# How would this look for the Nuggets draft?



## J-MAC (Jan 26, 2003)

Let's say the Nuggets get the #1 pick, then they would take Lebron of course. However, if they got the #2 pick, they would take Darko Milicic. A frontcourt combo of Nene and Darko could be scary. Now, Denver should package it's second round pick with a fringe player to get a late first round pick, with which they could take Brazilian point guard Leandro Barbosa. This guy sounds like he could be a real steal. His stats from the Brazilian league were almost 29 PPG and over 7 assists, while shooting 57% from the field. Also, he'd probably be comfortable playing alongside fellow Brazilian, Nene.


----------



## JGKoblenz (Jul 19, 2002)

He is a very good player for a late first or a second round pick. I would really love to watch Leandrinho and Nene playing together in a Nugz uni. Maybe he will fall to the second round and the Nuggets might get him without a trade.


----------



## BEEZ (Jun 12, 2002)

> Originally posted by <b>JGKoblenz</b>!
> He is a very good player for a late first or a second round pick. I would really love to watch Leandrinho and Nene playing together in a Nugz uni.
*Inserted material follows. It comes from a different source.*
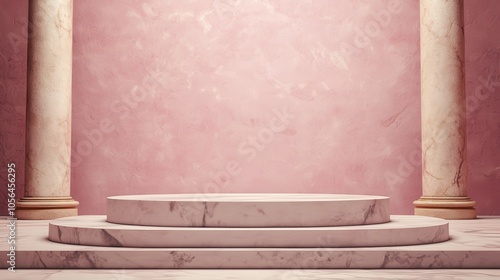 A minimalist space featuring marble steps and tall columns against a soft pink wall, evoking a serene and elegant atmosphere.

Maybe he will fall to the second round and the Nuggets might get him without a trade.


I've been hearing alot about this guy recently. Anybody have any more info on him


----------



## NugzFan (Jul 26, 2002)

we dont have our own 2nd rounder (new york does). we have bostons which is much lower. he wont last.


----------



## JGKoblenz (Jul 19, 2002)

Leandro Barbosa, we call him here Leandrinho. He is a PG, very fast and quick. He loves to drive and dish or score. I'm very high on this boy. He is playing pro for some years now and is always improving his game.


----------



## nybus54 (Feb 21, 2003)

Anything we can do to get him i say should be done. Even if it takes white for a mid-first. I think he is going to be the steal of the draft. Plus, we'd have all of brazil on our side forsure.


----------



## JGKoblenz (Jul 19, 2002)

The kid will be great, I have no doubts about his basketball game, the only problem I see is that he can't speak a word in english, just like Nene. And for a PG to talk with your team is something really important.


----------



## Anderson_Varejão (Feb 17, 2003)

*Anderson_Varejão*

Yeah, but the language is something that he can learn in one year, even if he learn just the basic. English is a easy language

You Guys have any news about Tiago Splinter?


----------



## JGKoblenz (Jul 19, 2002)

*Re: Anderson_Varejão*



> Originally posted by <b>Anderson_Varejão</b>!
> Yeah, but the language is something that he can learn in one year, even if he learn just the basic. English is a easy language
> 
> You Guys have any news about Tiago Splinter?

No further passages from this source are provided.